[Date Prev][Date Next][Thread Prev][Thread Next][Date Index][Thread Index]
Re: [bug-gawk] GNU grep,awk,sed: support \u and \U for unicode
From: |
Eli Zaretskii |
Subject: |
Re: [bug-gawk] GNU grep,awk,sed: support \u and \U for unicode |
Date: |
Thu, 19 Jan 2017 18:26:30 +0200 |
> From: Assaf Gordon <address@hidden>
> Date: Thu, 19 Jan 2017 00:46:47 -0500
>
> > 5. How do we handles MinGW and Cygwin where wchar_t is 16 bits, vs. 32
> > bits just about everywhere else?
>
> The parsing is the same (i.e. "\uHHHH" to internal 'unsigned int' or 'ucs4_t'
> from gnulib).
>
> The conversion to multibyte will use gnulib's (or the system's native)

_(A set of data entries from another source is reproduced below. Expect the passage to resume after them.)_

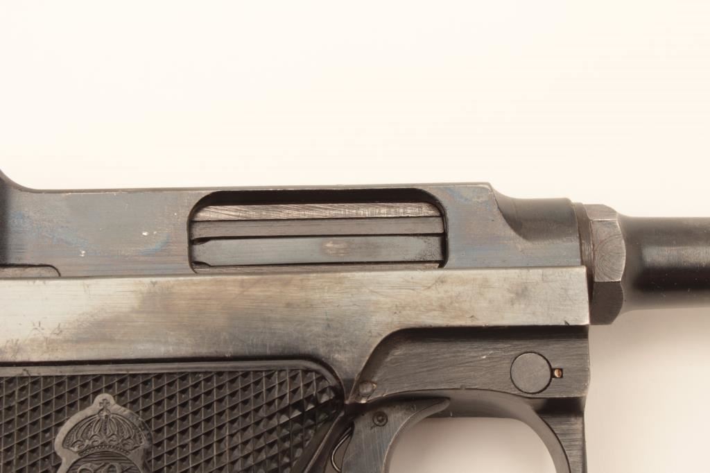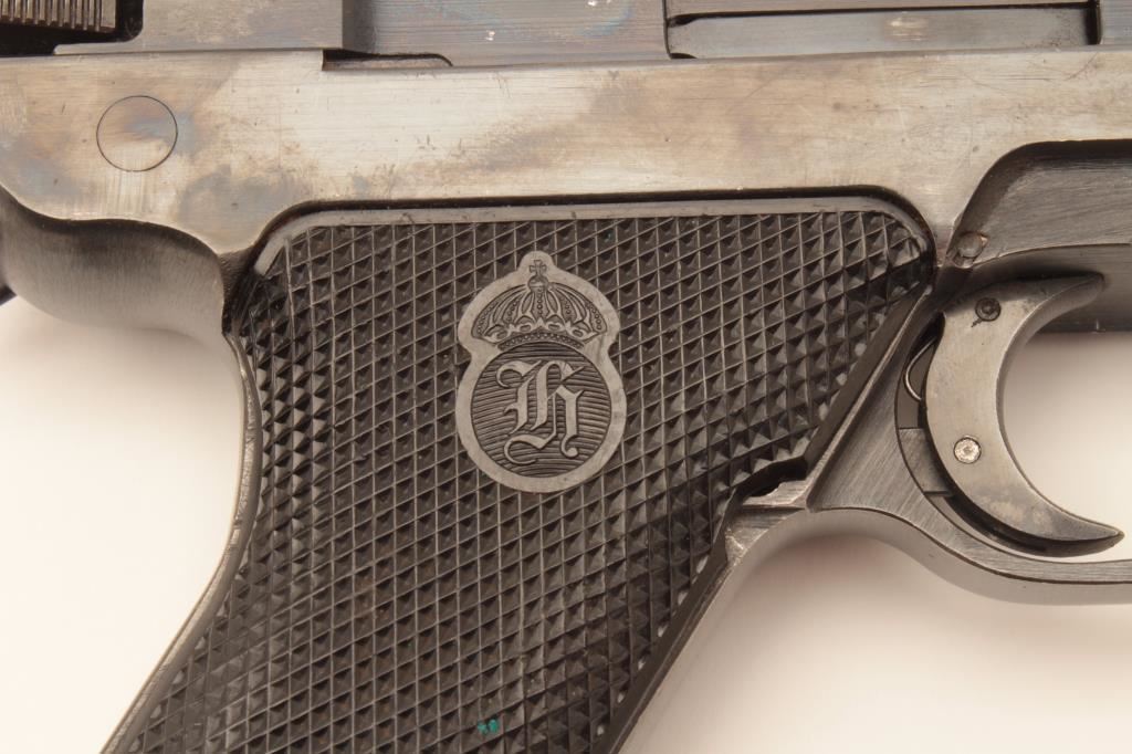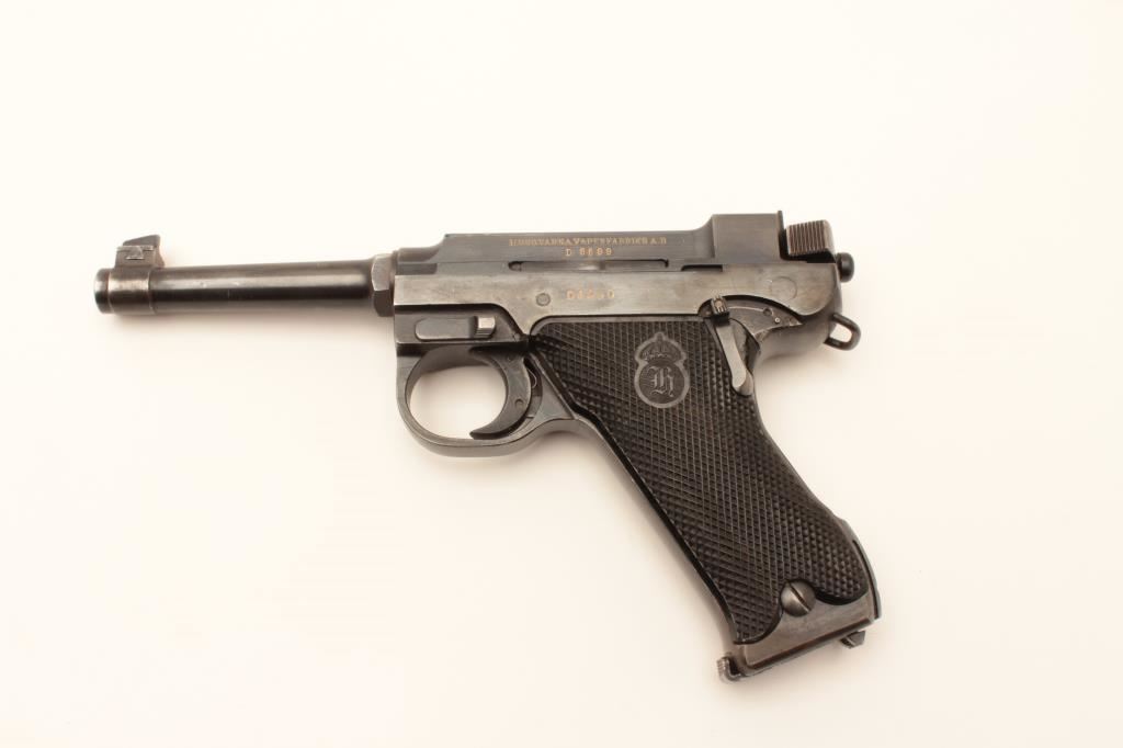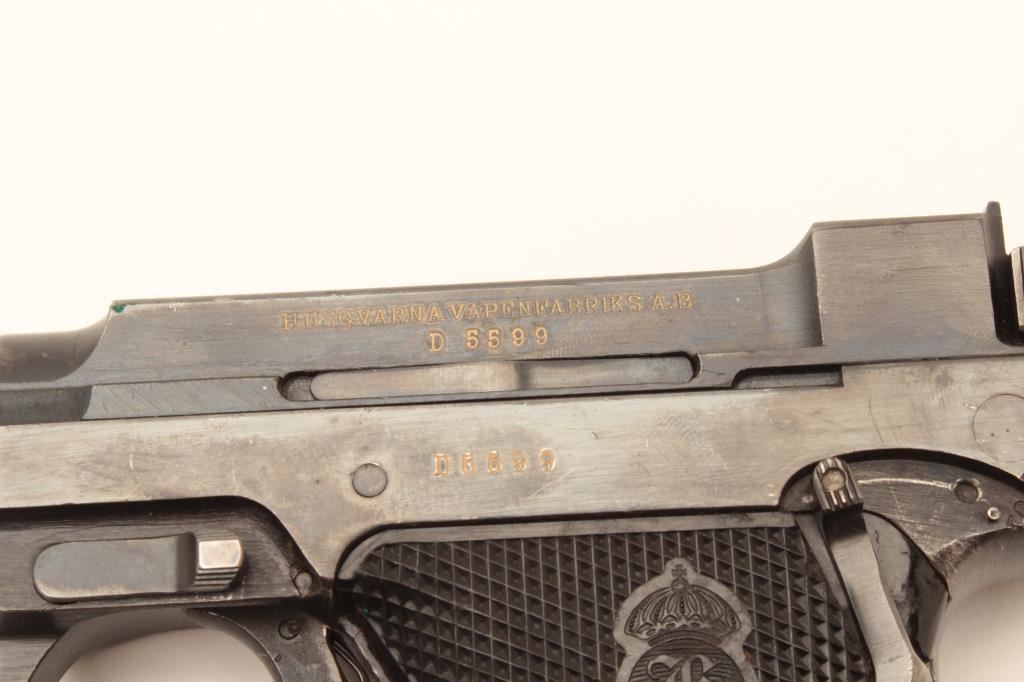 Swedish Husqvarna Lahti semi-automatic pistol, 9mm caliber, 4.75” barrel, blued finish, checkered plastic grips, S/N D5599; overall very good + showing the majority of original finish, very good bore, crisp action, sharp markings and very good grips; accompanied by a brown leather flap holster with two extra magazines, cleaning rod and loader. (C&R/PPT). Est.: $600-$1,200.
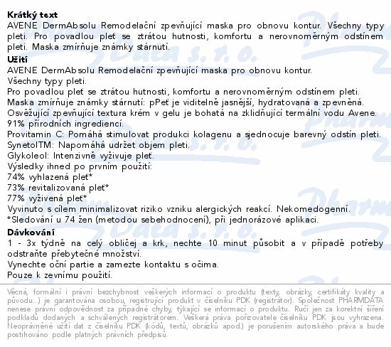 AVENE DermAbsolu Remodelační zpevňující maska pro obnovu kontur. Všechny typy pleti. Pro povadlou pleť se ztrátou hutnosti, komfortu a nerovnoměrným odstínem pleti. Maska zmírňuje známky stárnutí.
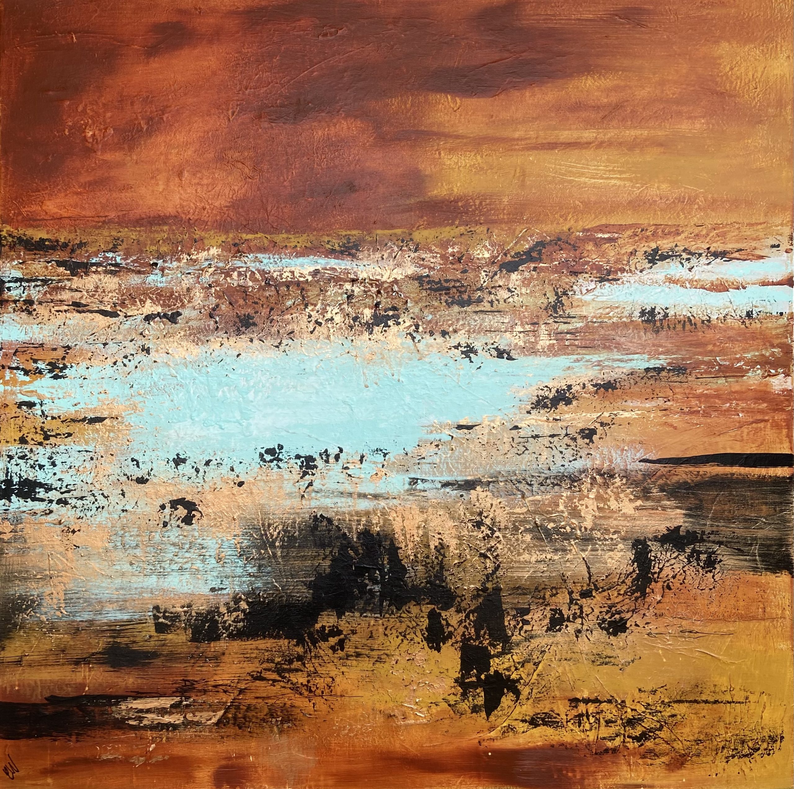 Soul Searching by Carrie Welsh is a beautifully textured abstract landscape, full of shimmering metallic bronze accents. 91.4 x 91.4 x 2 cm. Acrylic on canvas, ready to hang. Frame not included.
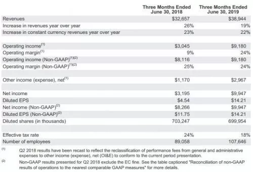 该公司的营收为389.44亿美元,较去年同期的362.57亿美元,同比增长19%;如果按照固定汇率计算同比增长22%
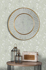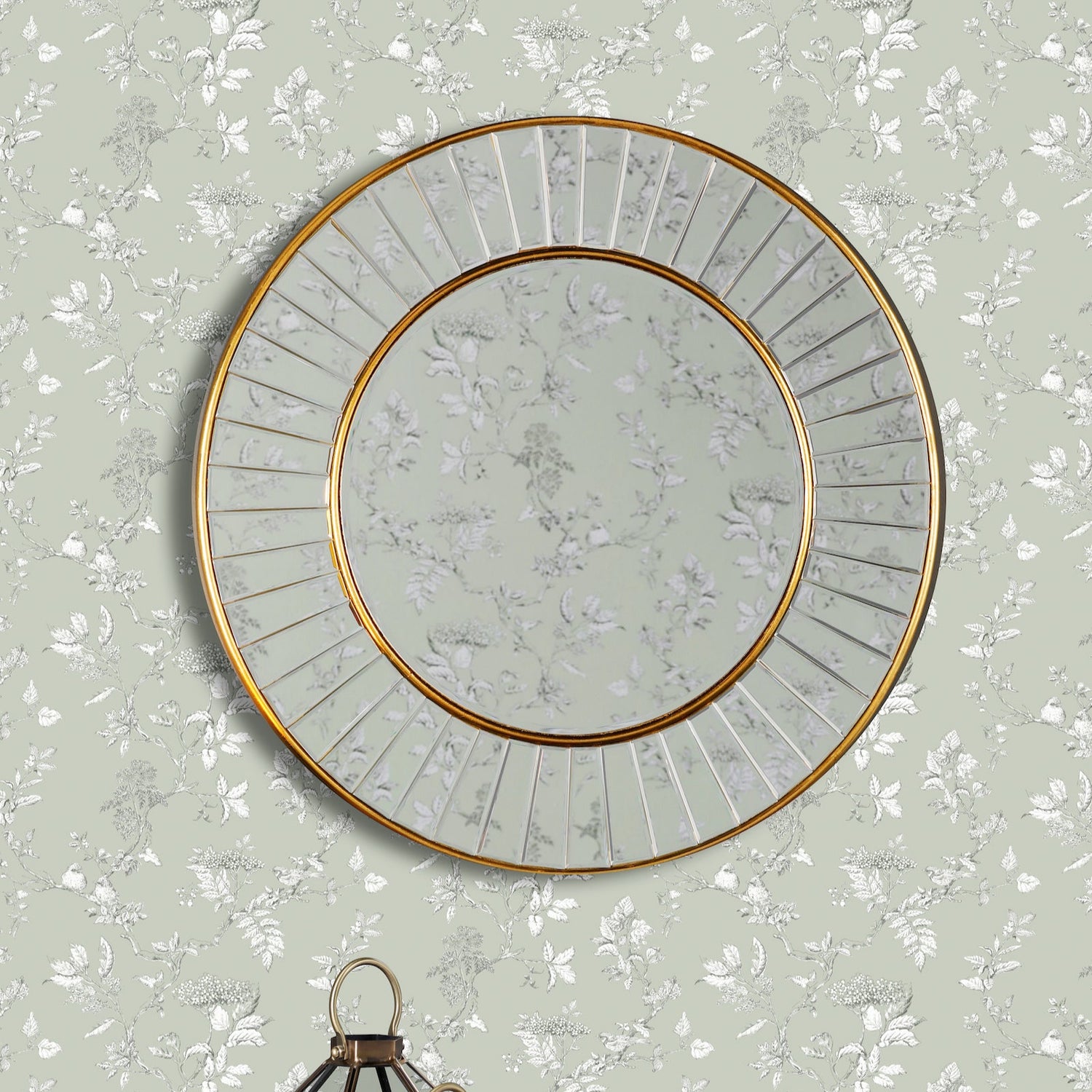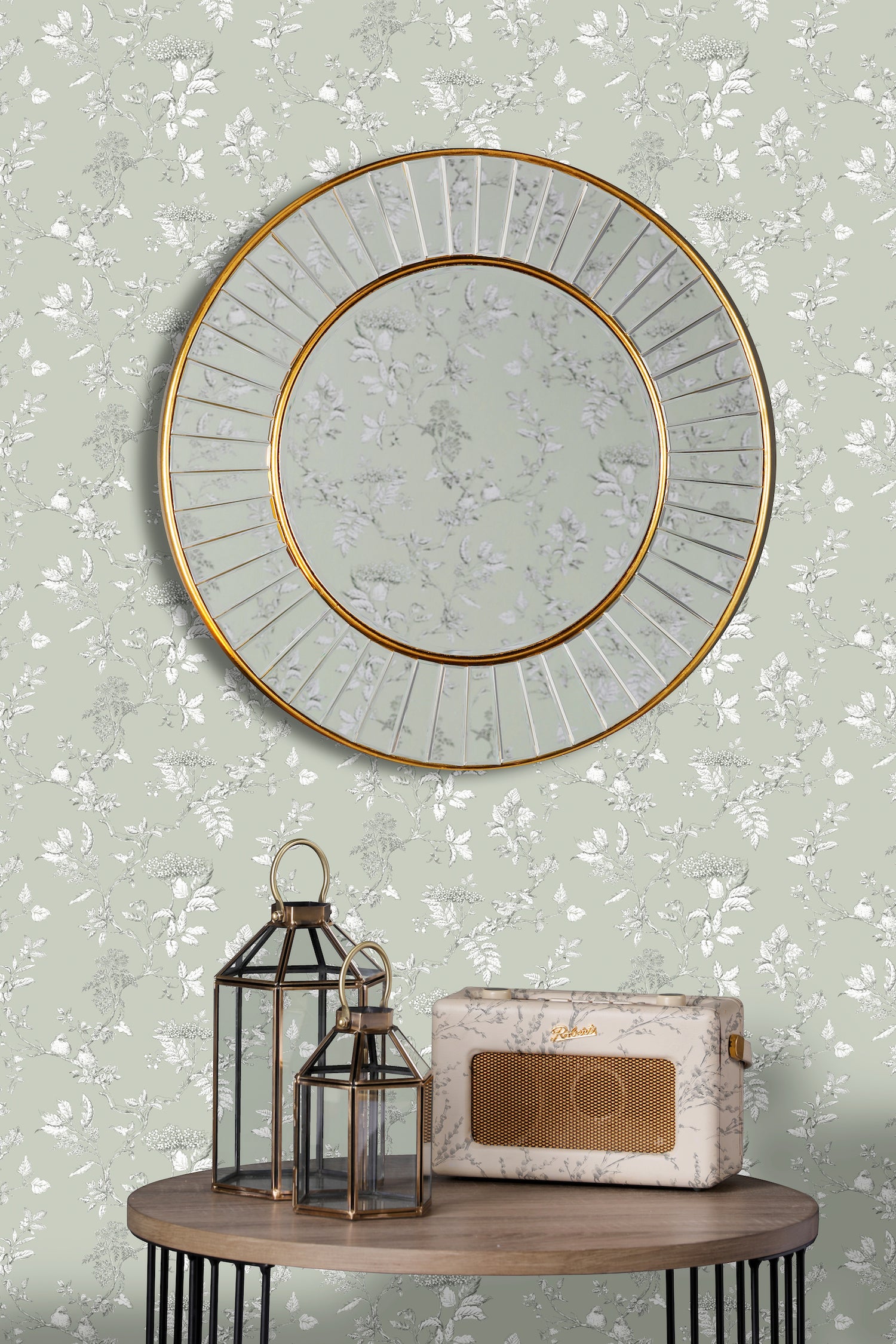 Round gold-framed mirror on pale green floral wallpaper with decorative lantern below
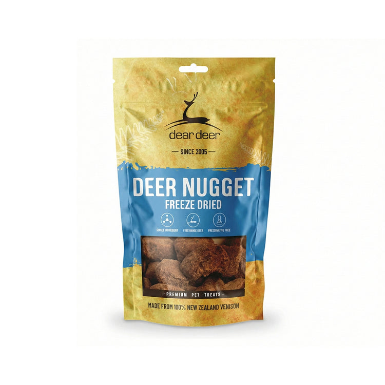 dear deer contains absolutely no synthetic ingredients, fillers, coloring, flavoring or preservatives. It is made with 100% deer.

> widechar-to-multibyte functions.
>
> In case of cygwin/mingw, an extra step of converting the 'uint32' to two
> 'uint16' is needed,
> and then two calls for wctomb are needed.
I don't see how this could work: AFAIK the MS-Windows wctomb accepts a
single wchar_t value, so it can only support Unicode codepoints inside
the BMP. You cannot call it with 2 wchar_t values one after the other
to get support for the full Unicode range. (This is relevant to
MinGW; I think Cygwin doesn't have this problem.)
Really, to have a decent support for Unicode on MS-Windows, you will
need to abandon the Windows runtime support for wchar_t, and instead
use your own 32-bit data type and conversion functions.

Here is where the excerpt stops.